Most bacteria are often covered by a layer of polysaccharides which is called glycocalyx [21]. These polymers can be linked to the cell surface by means of covalent bonds forming a capsule, and therefore, they are named capsular polysaccharides (CPS). Other polymers are weakly attached to the surface or are totally released into the surrounding environment, forming slime, and they are referred as exopolysaccharides (EPS). This classification, according to cell location, is not clear [63], and more precise definitions have been collected in the literature [6]. For practical purposes, in the context of this article, we will use the term EPS for both exocellular layers. In fact, these two types of EPS are carbohydrate polymers built from a reduced number of different monosaccharides (most common: glucose, fructose, galactose, rhamnose and fucose). However, the presence of different isomers, linkage types and organic and inorganic monosaccharide substituents that could be combined in repeating units which have, as well, different degrees of polymerisation and branching patterns render a great variety of bacterial EPS. In another practical classification, bacterial EPS are divided into two main groups depending on whether a single monosaccharide type is present in the polymer or more; they are the homopolysaccharides (HoPS) and heteropolysaccharides (HePS), respectively, which also differ in the number of enzymes and organisation of genes involved in their synthesis [6, 56, 62]. Finally, depending on the substituents present in the repeating units of HePS, there are non-charged, charged or neutral polymers. Within the latter, of special mention are the “zwitterionic” EPS characterised to have both positively (e.g. free amine) and negatively (e.g. phosphate or carboxylate) charged moieties within their repeating units [37]. These molecules have been reported to be able to modulate the immune system, both innate and adaptive response, although they are very rare among bacteria. To date, only two Gram-positive pathogens, Streptococcus pneumoniae and Staphylococcus aureus, as well as the Gram-negative Bacteriodes fragilis, a common member of the human intestinal microbiota, were reported as producers of such EPS [36]. Indeed, it has been indicated that the zwitterionic EPS, named polysaccharide A, from Bact. fragilis could play a key role in oral tolerance and in balancing the immune status associated with some infections or inflammatory disorders [50–52].

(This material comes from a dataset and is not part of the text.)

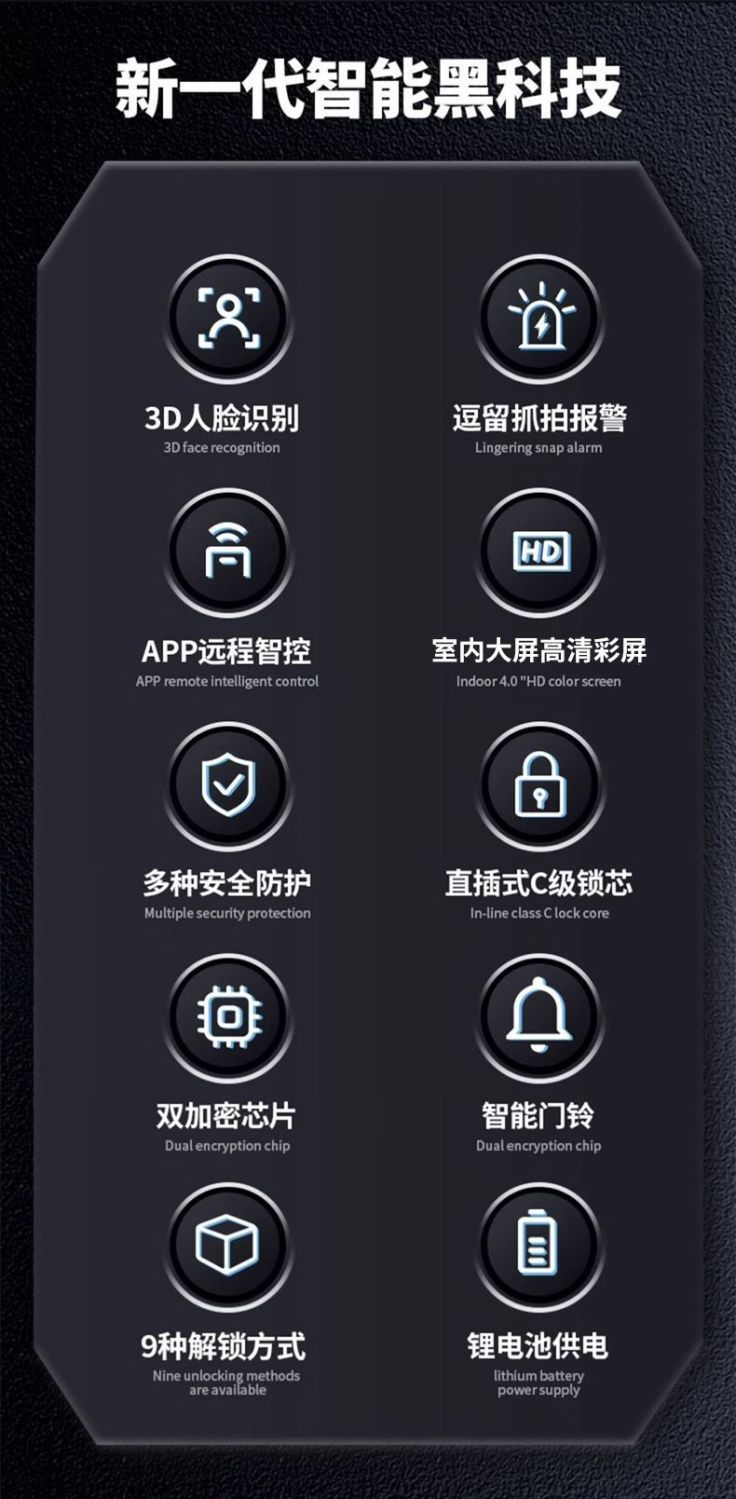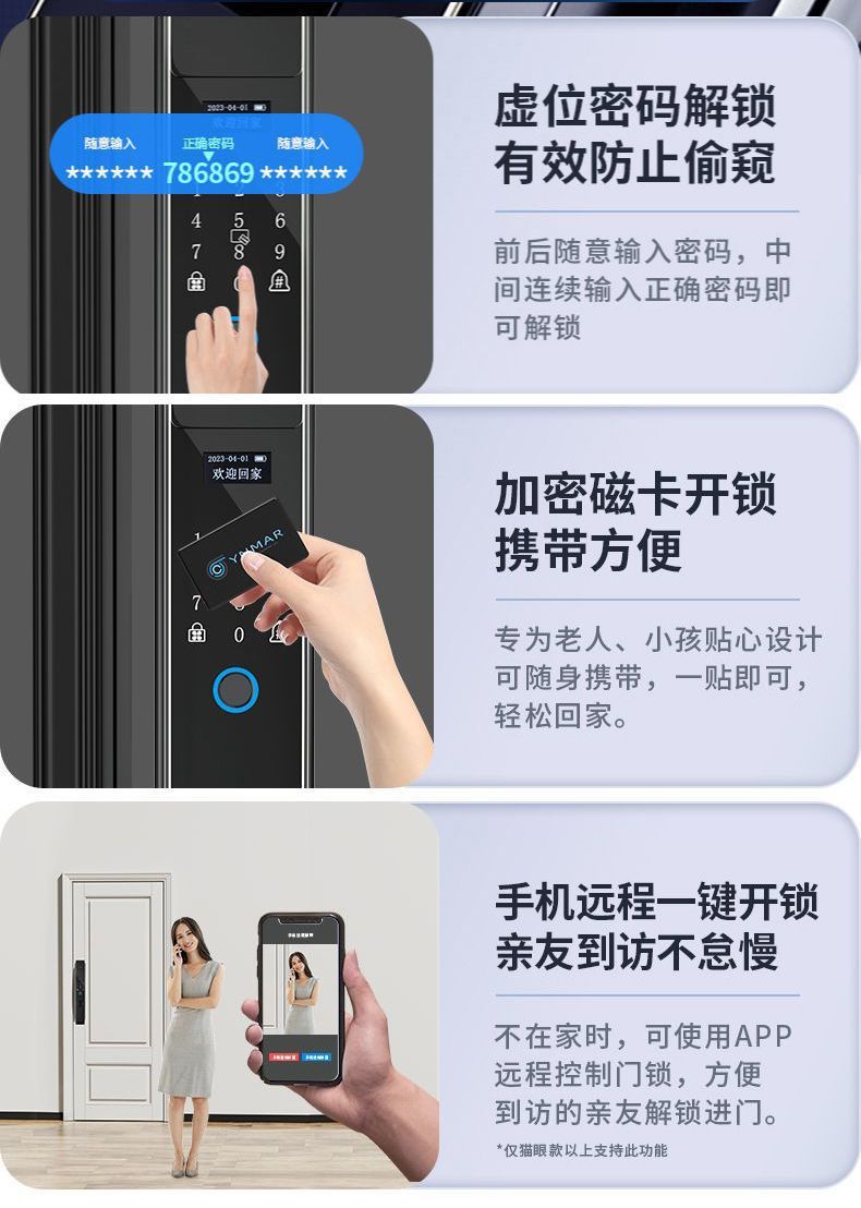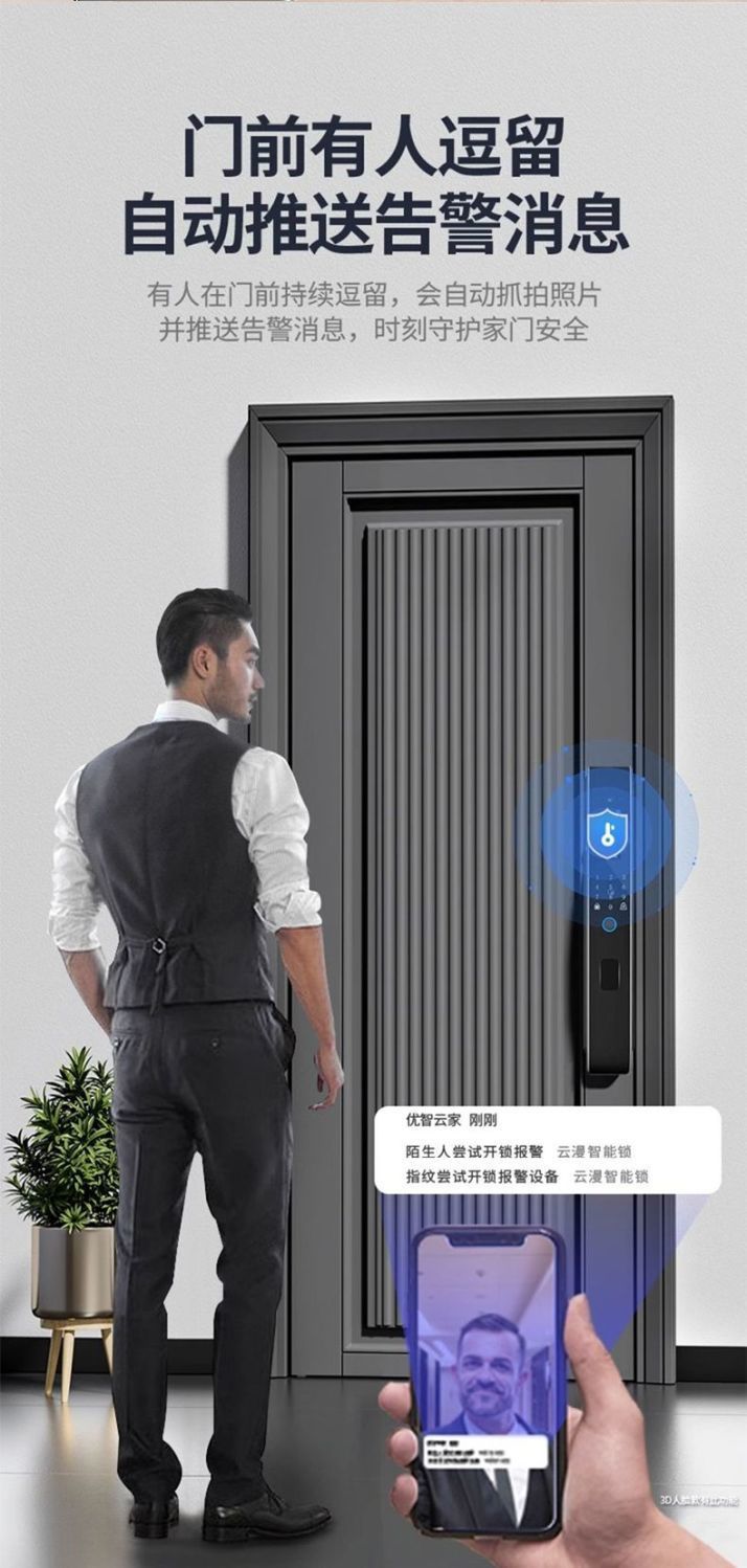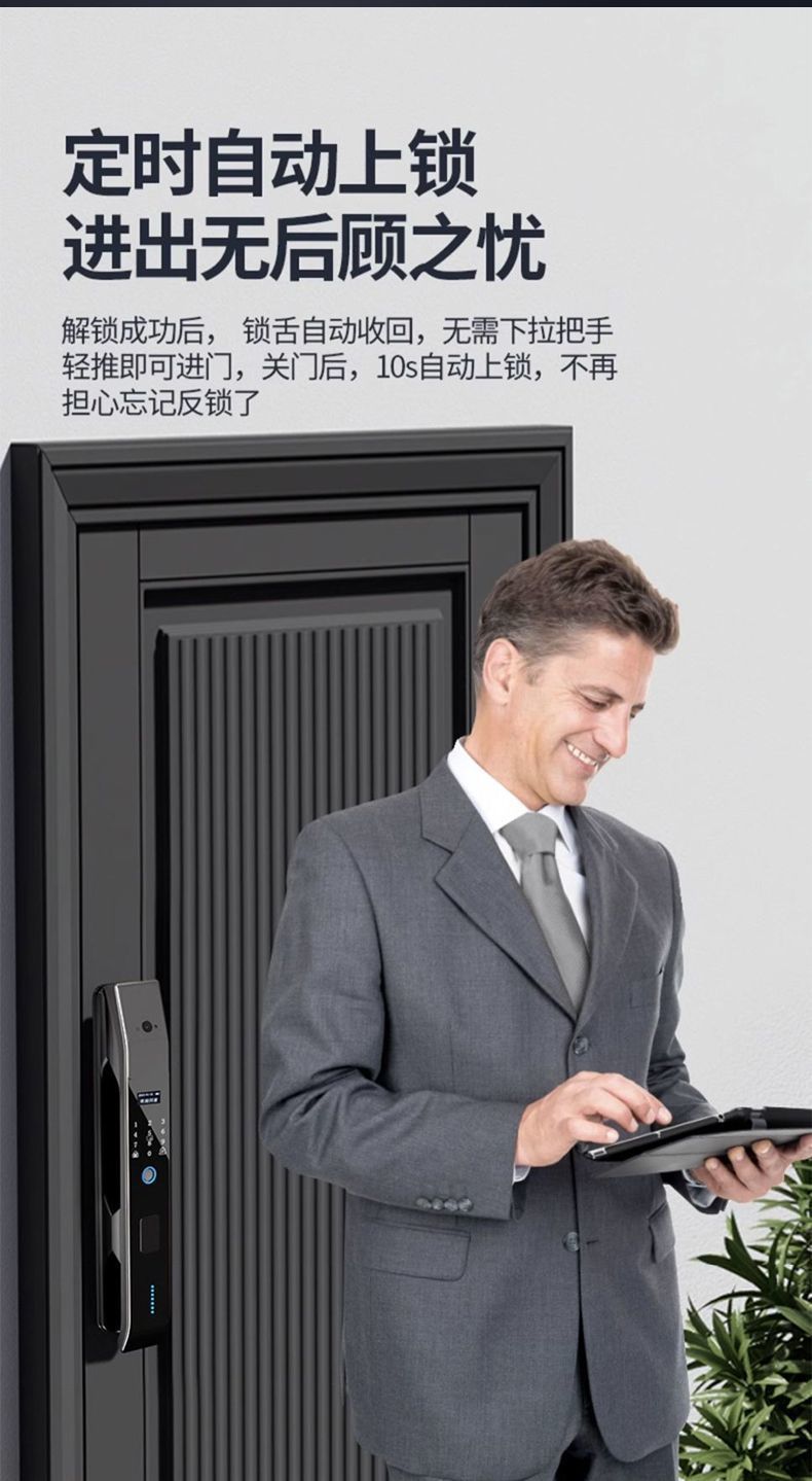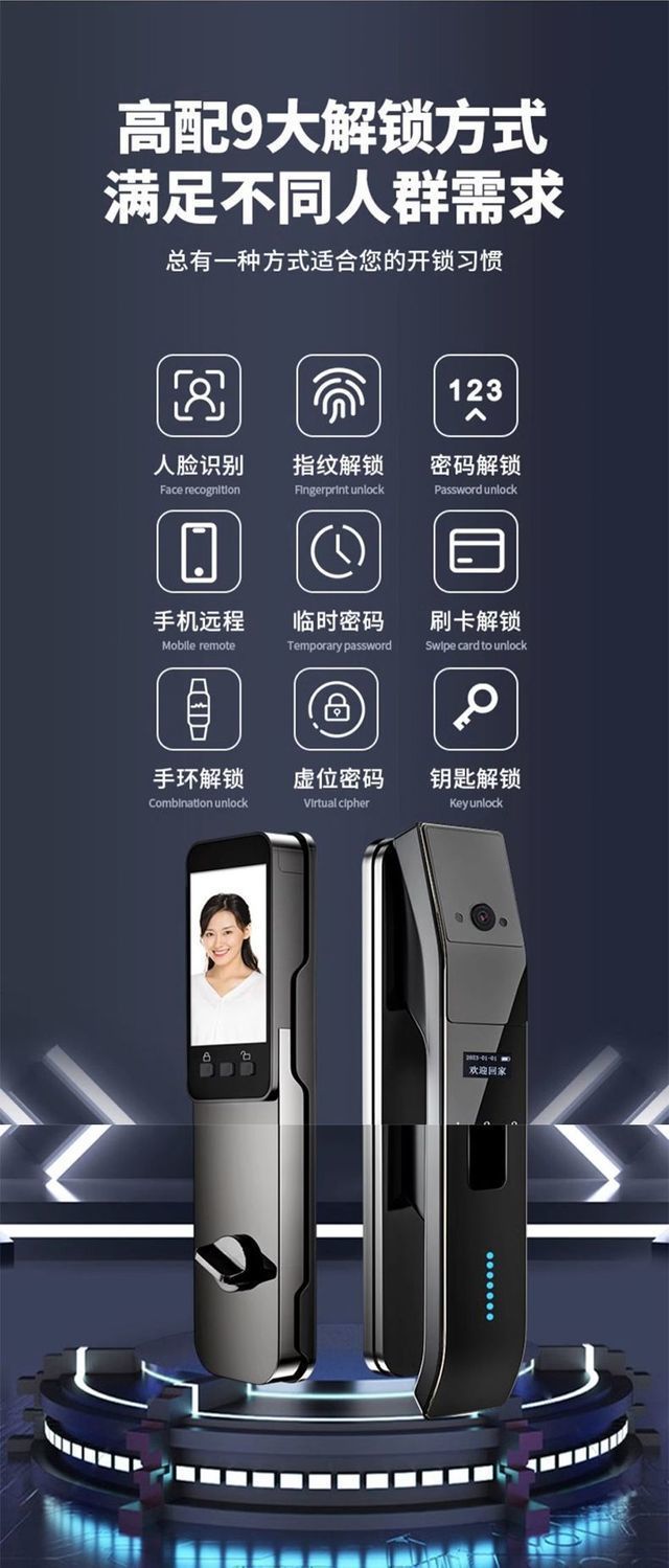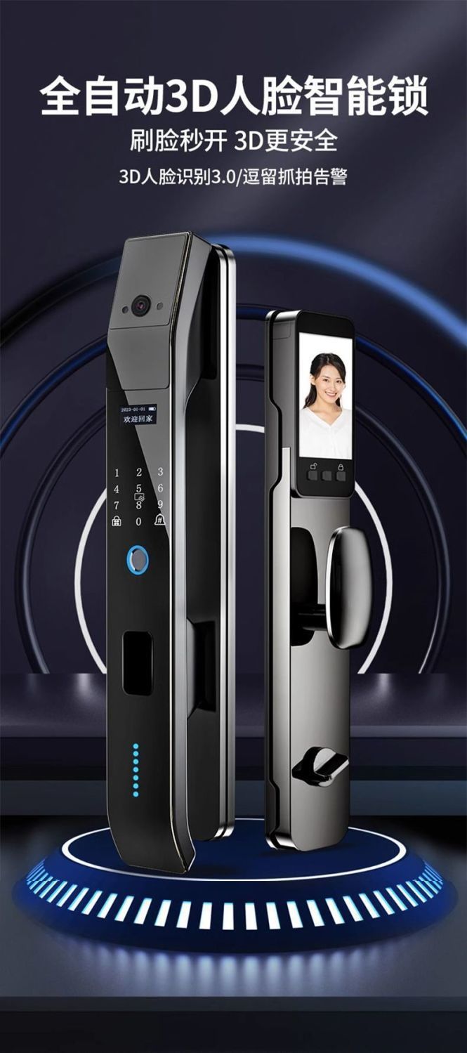 Полностью автоматический смарт-замок с тремя камерами, цифровой анти-кражи, глазок, 3D распознавание лица, домашний парольный замок

Some strains of Gram-positive bacteria such as Lactobacillus, a member of lactic acid bacteria (LAB) group, and Bifidobacterium are considered probiotics; that is, “live microorganisms which when administered in adequate amounts confer a health benefit on the host” [15]. Worldwide research on probiotics is one of the most interesting scientific fields due to its implication on human health, also representing a good opportunity for the industrial development of new products [3]. Some bifidobacteria and lactobacilli species share common habitats, for example, animal mucosa such as the oral–gastrointestinal tract [34, 73]. However, the genomic G+C content separates Bifidobacterium (G+C >50 %) and Lactobacillus (G+C <50 %) in two taxonomic phyla: Actinobacteria and Firmicutes, respectively [16, 34, 66]. Nowadays, the capability of lactobacilli to synthesise EPS is well documented; in fact, some strains isolated from foods have been used for the manufacture of fermented dairy products from a long time ago [55]. The research interest in bifidobacterial EPS is more recent, and there are data in the literature that attribute some of the beneficial health effects produced by probiotic lactobacilli and bifidobacteria to their EPS. Therefore, in this article, we will review some traits of the EPS-producing phenotype in LAB and bifidobacteria, and we will gather, as well, evidence that could give us clues to understand the capability of EPS to modulate immune response.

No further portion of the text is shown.